Exercise details: Write out all the data verbatim. Skip images.

Collected data:

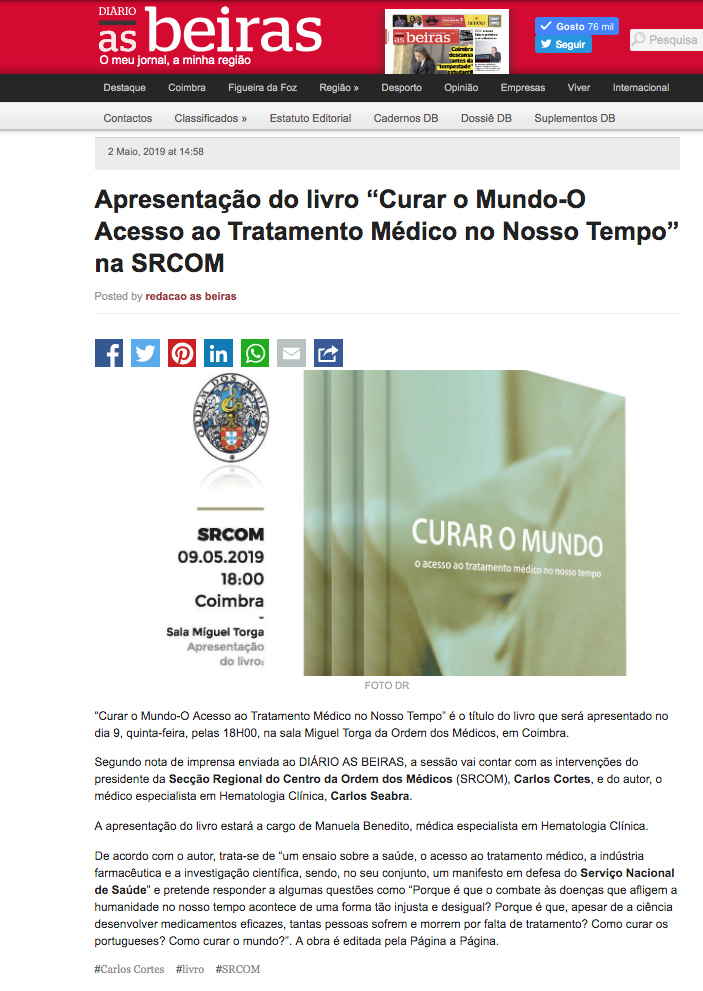 Apresentação do livro “Curar o Mundo – O Acesso ao Tratamento Médico no Nosso Tempo”
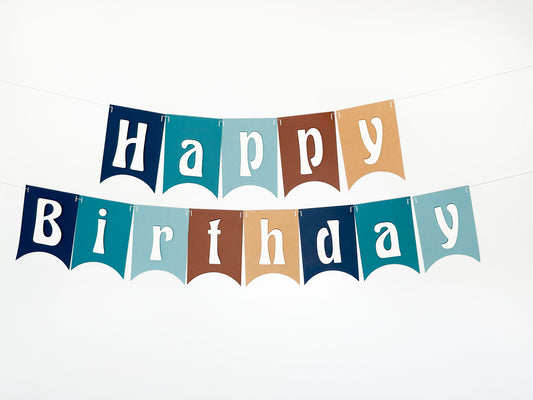 Blue and Brown Party Banner | Boy Birthday | Blue Garland | Ombre | Neutral Party Decorations
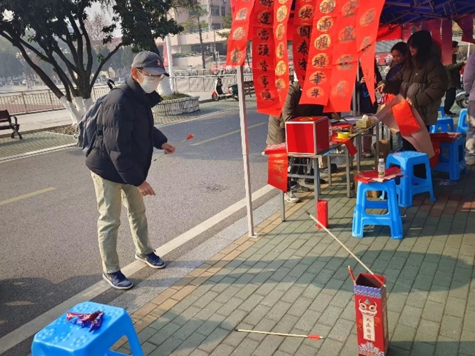 本次活动以传统小游戏和写春联抽奖活动为主体,吸引力一大批热爱传统文化,喜爱书法的人参加,无论是同学老师,还是老人小孩,大家的热情高涨,一批又一批的人来到到体育馆门前参加此次活动,大家脸上都洋溢着开心的笑容。
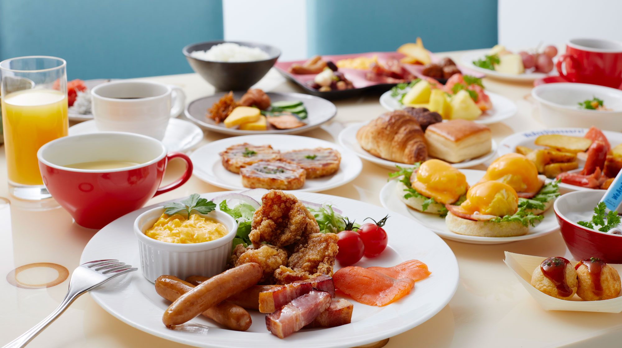 ホテルでの楽しみのひとつでもある朝食は、ビュッフェを楽しめる「リコリコ」で。大阪グルメを含む約70種のバラエティ豊かなメニューがいっぱい。SNS映えする写真を撮って、みんなにも自慢しちゃお。

Task response:
 Apresentação do livro “Curar o Mundo – O Acesso ao Tratamento Médico no Nosso Tempo”
 Blue and Brown Party Banner | Boy Birthday | Blue Garland | Ombre | Neutral Party Decorations
 本次活动以传统小游戏和写春联抽奖活动为主体,吸引力一大批热爱传统文化,喜爱书法的人参加,无论是同学老师,还是老人小孩,大家的热情高涨,一批又一批的人来到到体育馆门前参加此次活动,大家脸上都洋溢着开心的笑容。
 ホテルでの楽しみのひとつでもある朝食は、ビュッフェを楽しめる「リコリコ」で。大阪グルメを含む約70種のバラエティ豊かなメニューがいっぱい。SNS映えする写真を撮って、みんなにも自慢しちゃお。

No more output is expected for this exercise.